### EXERCISE
Within the entries below, please retype exactly the lines starting with the line that has "Трос ручника (задній)" and going on through the line that has "GXリーグには、2024年3", but not the pictures.

Recorded data:
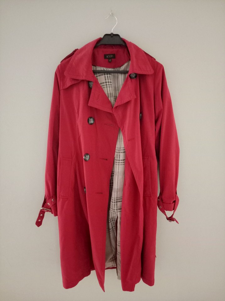 Düğmeli ve notched yakalı kırmızı midi trençkot. Uzun kollu, bol kesim ve sentetik kumaş. İç kısmı gri renkli, günlük şık sokak tarzı için uygun.
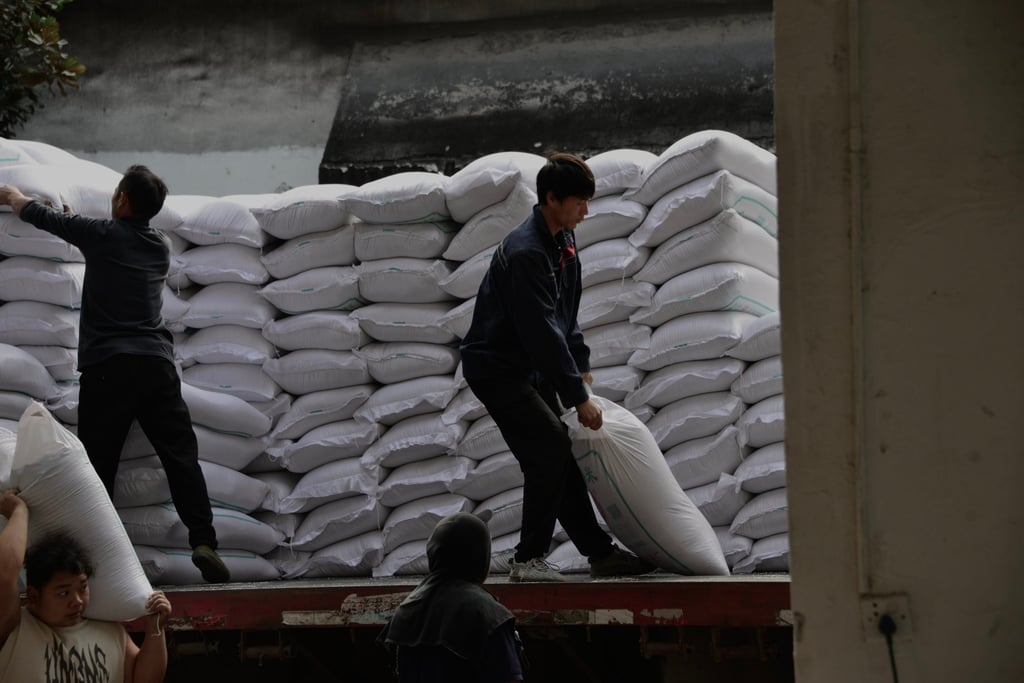 东浦绍兴酒厂的工人们正在搬运用于酿酒的糯米袋。摄影:Evelyn Chen
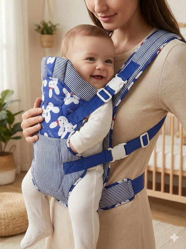 Keep your little one close, secure, and smiling with the "Happy Bunny" Ergonomic Baby Carrier. Designed for modern parents who value both style and functionality, this carrier features a cheerful royal blue and white striped pattern paired with a playful bunny motif. Whether you are doing chores around the house or going for a walk in the park, this carrier ensures your baby is comfortable while keeping your hands completely free.
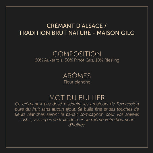 Tradition Brut Nature Gilg - Crémant d'Alsace - Brut NaturePrix habituel €17,50Prix habituelPrix unitaire / par-
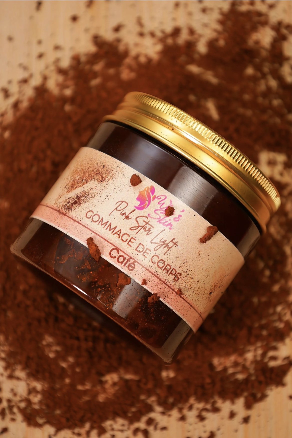 Extrait de café, sels minéraux, AHA et d’huiles Essentielles, ce gommage est un révélateur de teint. Il:
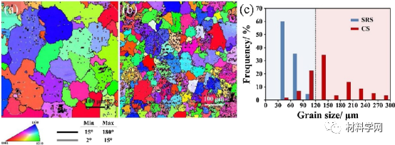 图2 (a)CS和(b)SRS铸态样品的EBSD图和(c)相应的晶粒尺寸分布。未索引的黑色区域是第二相粒子。
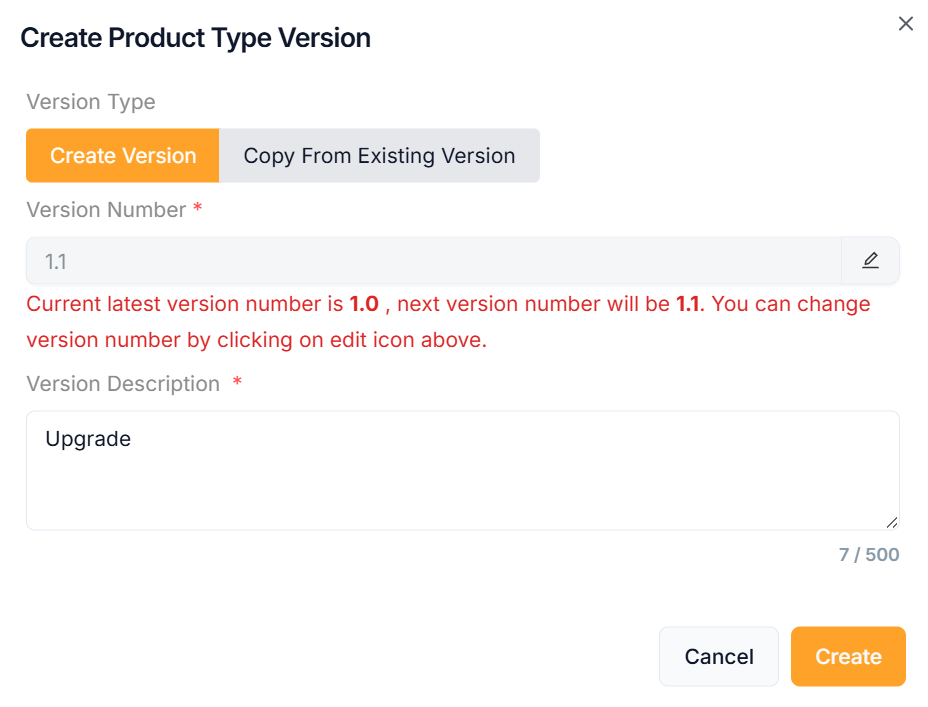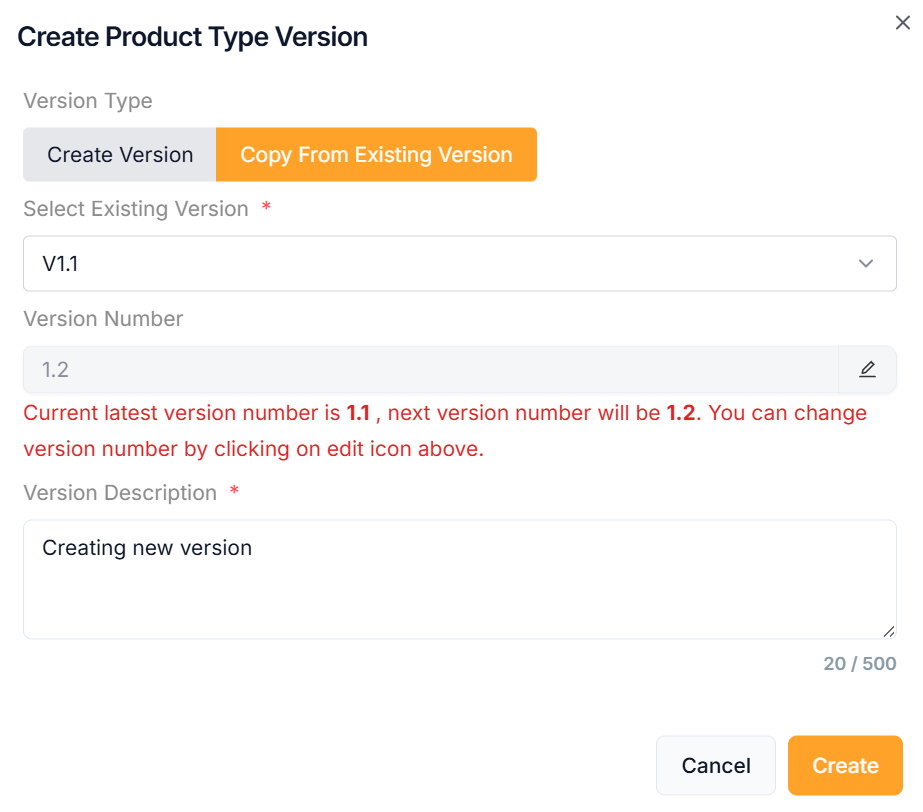 The steps to create a new version are provided below if Version Type is selected as Copy From Existing Version.
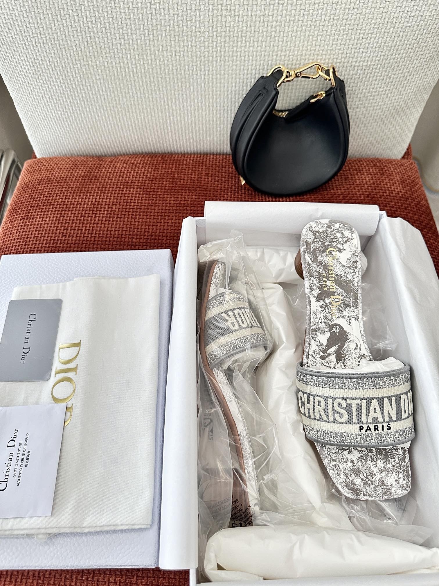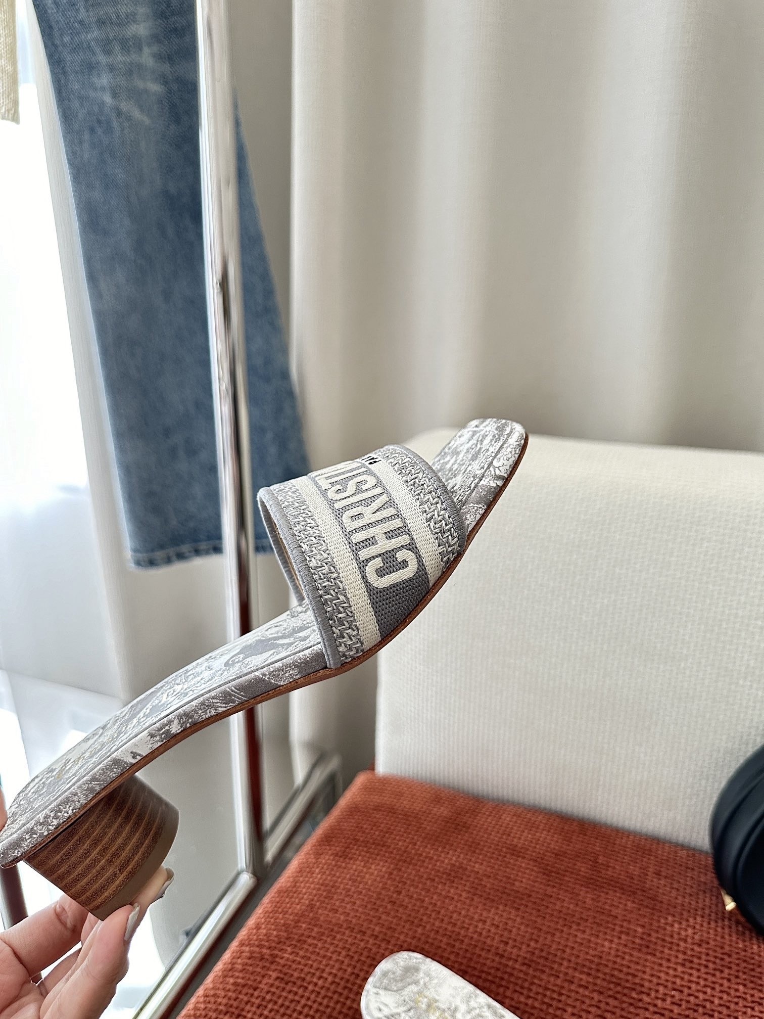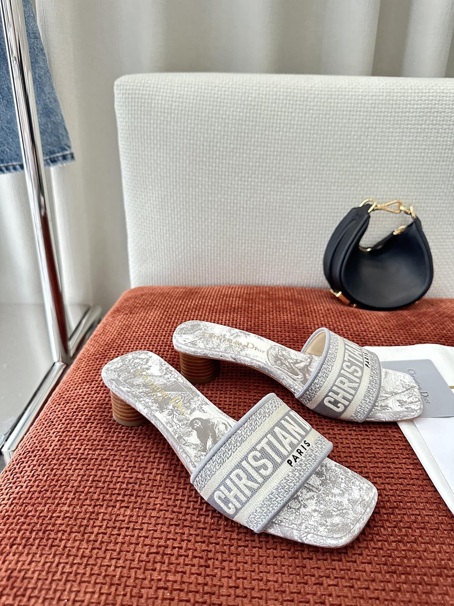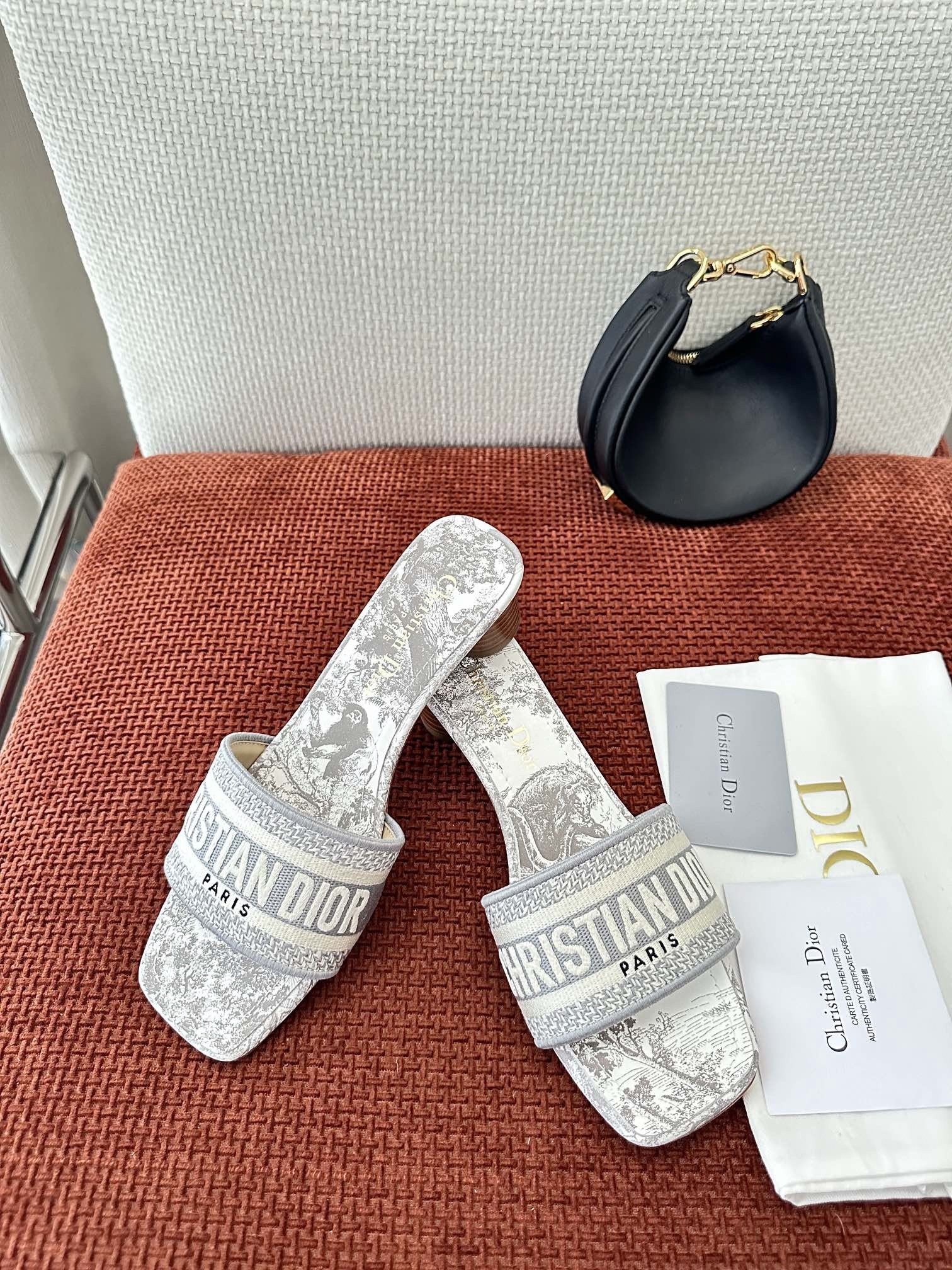 art of the Dioriviera capsule, the hallmark Dway heeled slide honors the Toile de Jouy Sauvage motif. The gray upper is embroidered with the Christian Dior Paris signature for an instantly recognizable touch, while the square toe adds modern appeal. Completed by a 3.5-cm (1.5) cylindrical heel, the slide will bring a contemporary twist to outfits and can be coordinated with other pieces from the Dioriviera capsule.
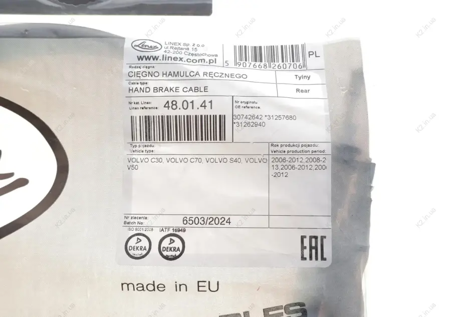 Трос ручника (задній) Volvo C30/C70/S40/V50 03-13 (1816/1860mm) 48.01.41 LINEX
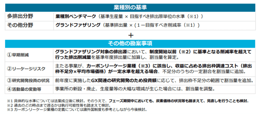 GXリーグには、2024年3月時点で700社超が参画し、日本の温室効果ガス排出量の5割以上を占める企業が制度に参加しているとされています。ただ、参加が自主的であるがゆえに業種ごとに参画割合に差があるのが実態とされ、また、プレッジ&レビューによる規律を前提として各企業が自ら設定する野心的な削減目標の達成に取り組む仕組みであるため、業種間のみならず、同一業種内においても、各社の削減目標の水準に差が生じるという難点が指摘されていました(内閣官房GX実行推進室「排出量取引制度の本格稼働に向けた検討の方向性」(GX実現に向けたカーボンプライシング専門ワーキンググループ第1回(2024年9月3日開催)資料3)9頁・11頁・17頁)。
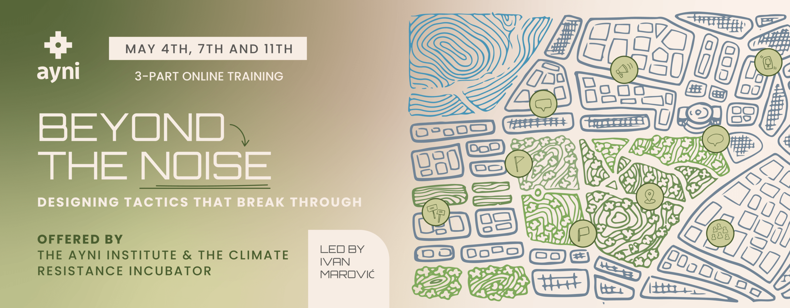 This training is offered by the Ayni Institute in collaboration with the Climate Resistance Incubator and is led by Ivan Marović, one of the leaders of the Serbian student movement Otpor! and author of The Path of Most Resistance: A Step by Step Guide to Planning Nonviolent Campaigns.
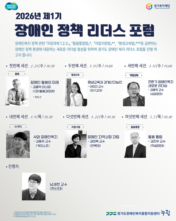 이후 과정에서는 ▲평생교육과 경계선 지능인(이미지 교수, 대구교대) ▲전환기 장애인복지 새로운 리더십(김용득 교수, 성공회대) ▲AI와 장애인복지(김동우 교수, KAIST) ▲장애인 지역사회 자립(김미옥 교수, 전북대) ▲돌봄 통합(김진우 교수, 덕성여대) 등 주요 정책 의제를 중심으로 전문가 강연과 라운드테이블 토론이 이어진다.
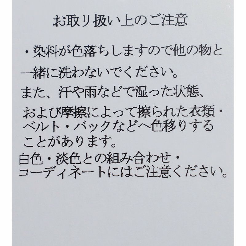 摩擦された所が色落ちします。擦られた衣類・ベルト・バッグ・鞄などへ色移りします。
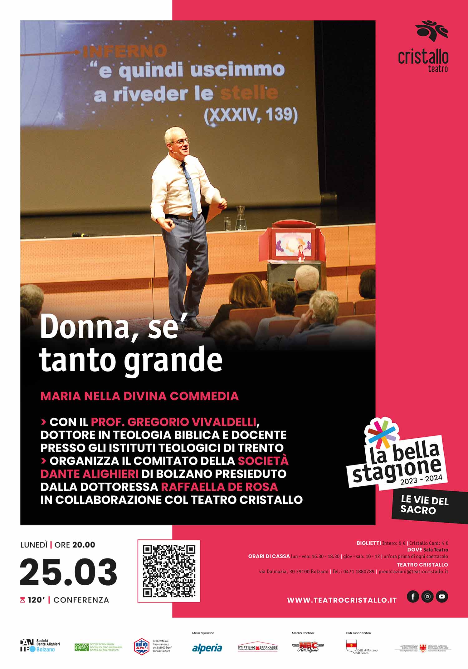 Il Comitato della Società Dante Alighieri di Bolzano, presieduto dalla Dott.ssa Raffaella De Rosa, offre alla cittadinanza una serata con la Divina Commedia tenuta dal prof. Gregorio Vivaldelli.
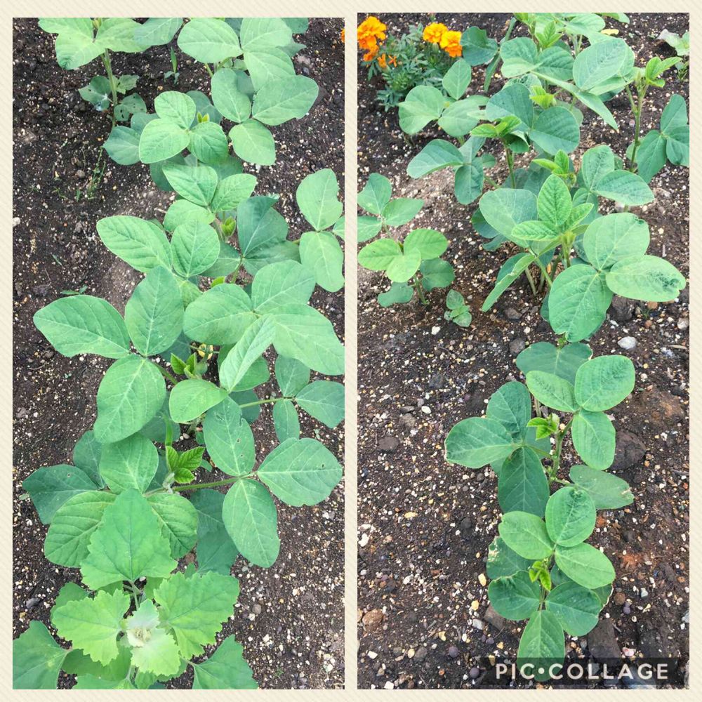 どちらも茶豆(たぶん品種は違う)なんだけど最初、右の苗で植えた方が育ってたのに種から蒔いた左の方がぐんぐん伸びて葉も大きくなった。不思議。
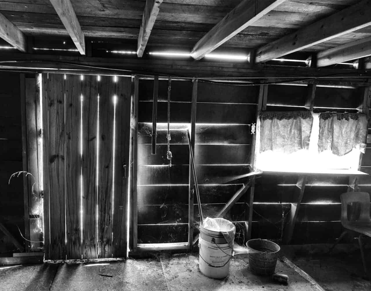 The "tents" in their earliest form were constructed of canvas (late 1800s). Now, they are constructed with shared, single-board-thickness walls. The floors are covered in sawdust.
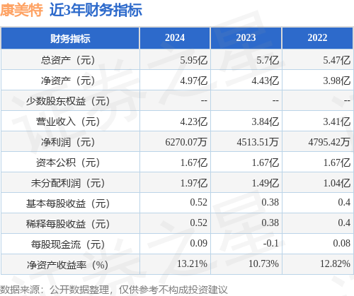 从目前公布的财报来看,康美特2024年总资产为5.95亿元,净资产为4.97亿元;近3年净利润分别为6270.07万元(2024年),4513.51万元(2023年),4795.42万元(2022年)。详情见下表:
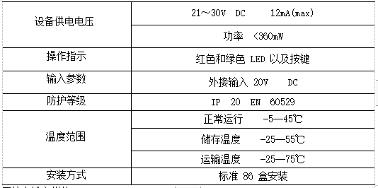 用于接受按鍵觸動(dòng)信號(hào),可通過(guò)區(qū)分短按與長(zhǎng)按并結(jié)合不同參數(shù)配置實(shí)現(xiàn)開(kāi)關(guān)、調(diào)光、場(chǎng)景、窗簾控制、調(diào)溫、報(bào)警等功能,電氣參數(shù)如下:
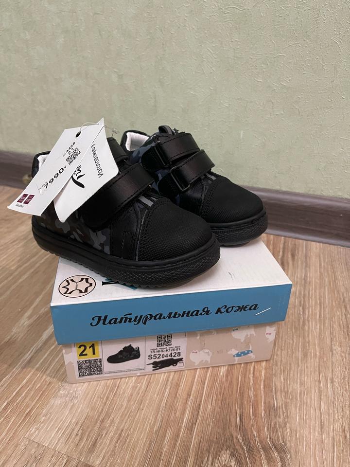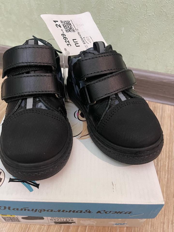 Новые натуральны кожаные ботинки 21 размер. Можно и девочкам. Черного цвета. Артикул: 572993
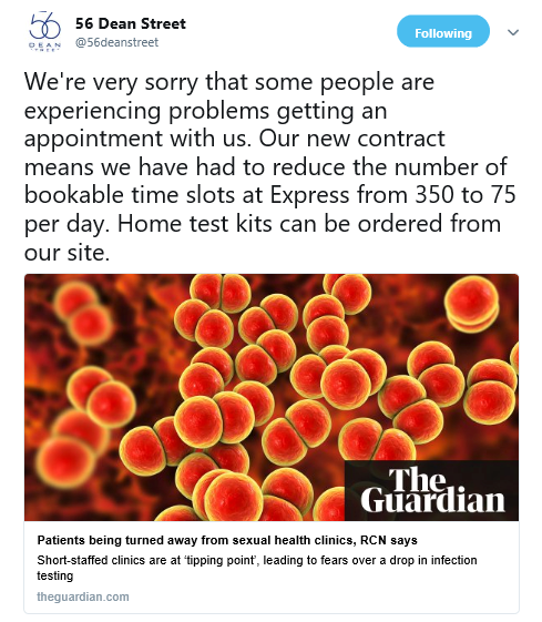 At the time, it wrote: “Sexual health services across London are under increasing pressure.

### SOLUTION
 Трос ручника (задній) Volvo C30/C70/S40/V50 03-13 (1816/1860mm) 48.01.41 LINEX
 GXリーグには、2024年3月時点で700社超が参画し、日本の温室効果ガス排出量の5割以上を占める企業が制度に参加しているとされています。ただ、参加が自主的であるがゆえに業種ごとに参画割合に差があるのが実態とされ、また、プレッジ&レビューによる規律を前提として各企業が自ら設定する野心的な削減目標の達成に取り組む仕組みであるため、業種間のみならず、同一業種内においても、各社の削減目標の水準に差が生じるという難点が指摘されていました(内閣官房GX実行推進室「排出量取引制度の本格稼働に向けた検討の方向性」(GX実現に向けたカーボンプライシング専門ワーキンググループ第1回(2024年9月3日開催)資料3)9頁・11頁・17頁)。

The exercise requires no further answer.